Riftia pachyptila

Riftia pachyptila, commonly known as giant tube worms, are marine invertebrates in the phylum Annelida[1] (formerly `grouped in phylum Pogonophora and Vestimentifera) related to tube worms commonly found in the intertidal and pelagic zones. Riftia pachyptila live on the floor of the Pacific Ocean near hydrothermal vents, and can tolerate extremely high hydrogen sulfide levels. These worms can reach a length of 3 m (9 ft 10 in),[2] and their tubular bodies have a diameter of 4 cm (1.6 in).
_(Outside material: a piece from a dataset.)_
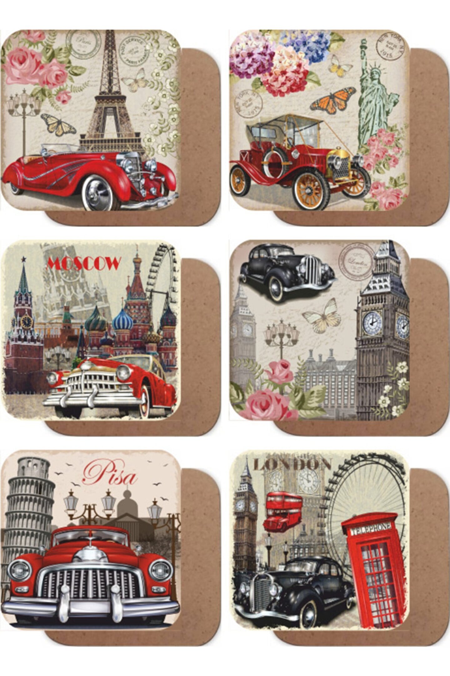 - Ahşap malzeme kullanımı sayesinde dayanıklı ve uzun ömürlü bir kullanım sunar; - Klasik Paris, Roma, Londra ve Moskova gibi ünlü şehirlerin simgelerini taşıyan tasarımıyla sofra düzeninize şıklık katar; - Altı adet bardak altlığı seti, misafirlerinize aynı anda servis yapabilmeniz için idealdir; - Her bir bardak altlığı, bardaklarınızın altında güvenli bir şekilde durmasını sağlayarak dökülmeleri önler;

Ambient temperature in their natural environment ranges from 2 to 30 degrees Celsius.[3]

Giant tube worms
Scientific classification
Kingdom:
Phylum:
Class:
Order:
Family:
Genus:
Riftia
Species:
R. pachyptila
Binomial name
Riftia pachyptila
M. L. Jones, 1981

The common name "giant tube worm" is however also applied to the largest living species of shipworm, Kuphus polythalamia, which despite the name "worm" is a bivalve mollusc, rather than an annelid.

DSV ALVIN, the Navy research submarine

Discovery

Riftia pachyptila were discovered in 1977 on an expedition of the American bathyscaphe DSV Alvin to the Galápagos Rift led by geologist Jack Corliss.[4] The discovery was unexpected, as the team were studying hydrothermal vents and no biologists were included in the expedition. Many of the species found living near hydrothermal vents during this expedition had never been seen before.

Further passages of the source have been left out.